Exciting news has recently been uncovered as the administration announced the secret meaning behind the iconic slogan “A University on the Rise.” While seemingly a somewhat-truthful tagline regarding the improvement of campus, the phrase was actually a clue as to the final plans for construction on campus: the transformation of Stevens into a self-sustaining, fully-functioning airship capable of staying in the air for several months at a time. The project, worked on in secret by the Mechanical Engineering department, is finally ready to be unveiled to the public.
“The idea first came up when President Farvardin watched Pixar’s Up,” one of the spokesmen for the project described. “We got a call at two in the morning; work started the next day.”
“Have you seen Up?” Farvardin asked in a private interview. “They lift up a whole goddamn house! With balloons! It’s outrageous! What’s the point of having a school full of engineers at your disposal if you can’t get them to do cool stuff?”
Millions upon millions of balloons have been strapped onto every building on campus, all of them in the iconic red and gray Stevens colors. Once Farvardin says the word, these buoyant miracle workers will unleash their magic onto the unsuspecting campus, dragging all of the buildings into the mercy of the skies. Once in the air, students will have to zipline between buildings to get to their destinations, a fact that has unnerved some of the more height-sensitive students, or “wussies,” as they are referred to by the administration. “People are saying that we should strap balloons onto the shuttles, too, and carry students around that way,” one administrator said. “But what’s the point of being in the air if you’re going to hide away in a car? I can’t handle these absolute cowards that are getting in the way of our God-given right of being a University on the Rise. If they fall, they fall.”

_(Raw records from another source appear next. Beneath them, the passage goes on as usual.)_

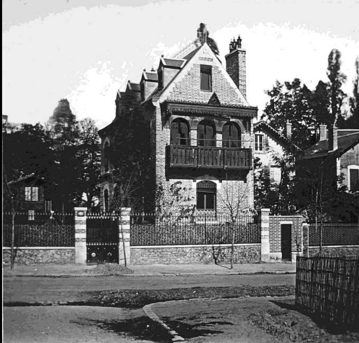
Villa à Cautueil
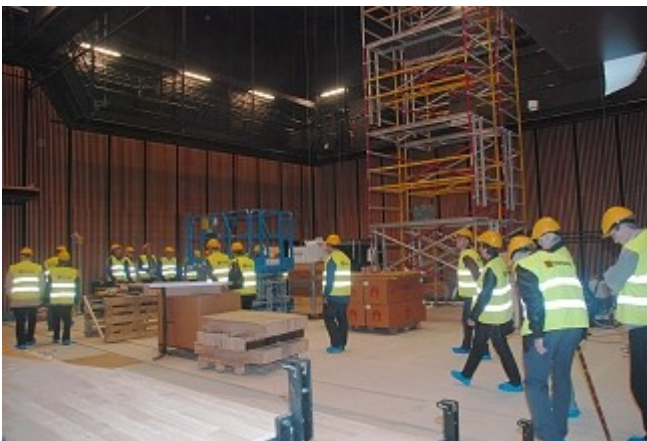
Fra teatersalong med scene, snoreloft og amfi. Røde stoler kommer.
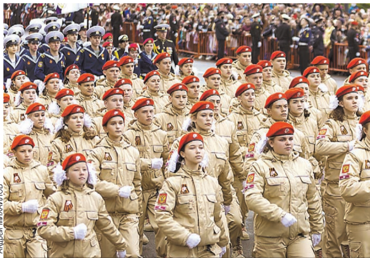
Строевая подготовка - основа основ.

Кстати, у выпускников Юнармии, поступающих в высшее военное учебное заведение либо в институт полиции, есть преимущество перед теми, у которых за плечами такого опыта нет. К примеру, при равных баллах поступит абитуриент с книжкой юнармейца. Но есть оговорка! Она должна быть у подростка не менее двух лет. То есть в течение этого времени он должен принимать активное участие в мероприятиях, что отражается в этом документе.
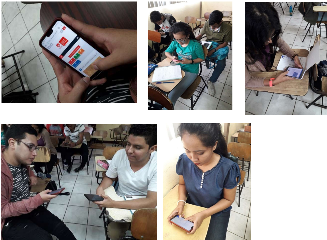
Imagen 10: La tecnología ha sido una gran aliada para masificar el uso de la Plataforma EVA – UPOLI: https://eva.upoli.edu.ni/
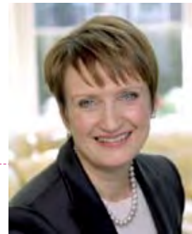
Tessa Jowell Gweinidog y Gemau Olympaidd

Though the entire enterprise is undeniably awesome, there are still some naysayers, even within the administration. “If we leave the ground, then we’ll lose the deposit for the flowers we got for Accepted Students Weekend,” the head gardener lamented. “You know how difficult it is to plant hundreds of flowers in like three days? I’ve got dirt all over my good overalls!”
The school’s escape to the clouds has also angered some students, who regard “University on the Rise” as little more than propaganda. “NYU went airborne over seven years ago!” one impassioned student said in an interview earlier this week. “And their mascot isn’t even a bird! How can they expect us to believe that Stevens is the Innovation University when we’re so far behind on the times?”
Critics have also expressed concern about how this change is going to affect the ungodly amount of construction currently plaguing campus, with the Gianforte Academic Center nearing completion and Hayden and Davis about to be shamelessly destroyed to make room for the Towers of Innovation. “People act like we don’t know what we’re doing,” said one administrator, “which is completely unfair — obviously we’ve thought about how to continue construction in the air. What we’re doing is we’re going to tie a balloon to each brick and set them loose so that they float up to the construction site. It’s a foolproof plan.”
As hundreds of balloons and tanks of helium arrive at campus each day to prepare for take-off, everyone on campus is waiting with bated breath for the day we slip the bonds of this mortal earth and fly unburdened into the great unknown. Once that happens, maybe those fences will actually be true.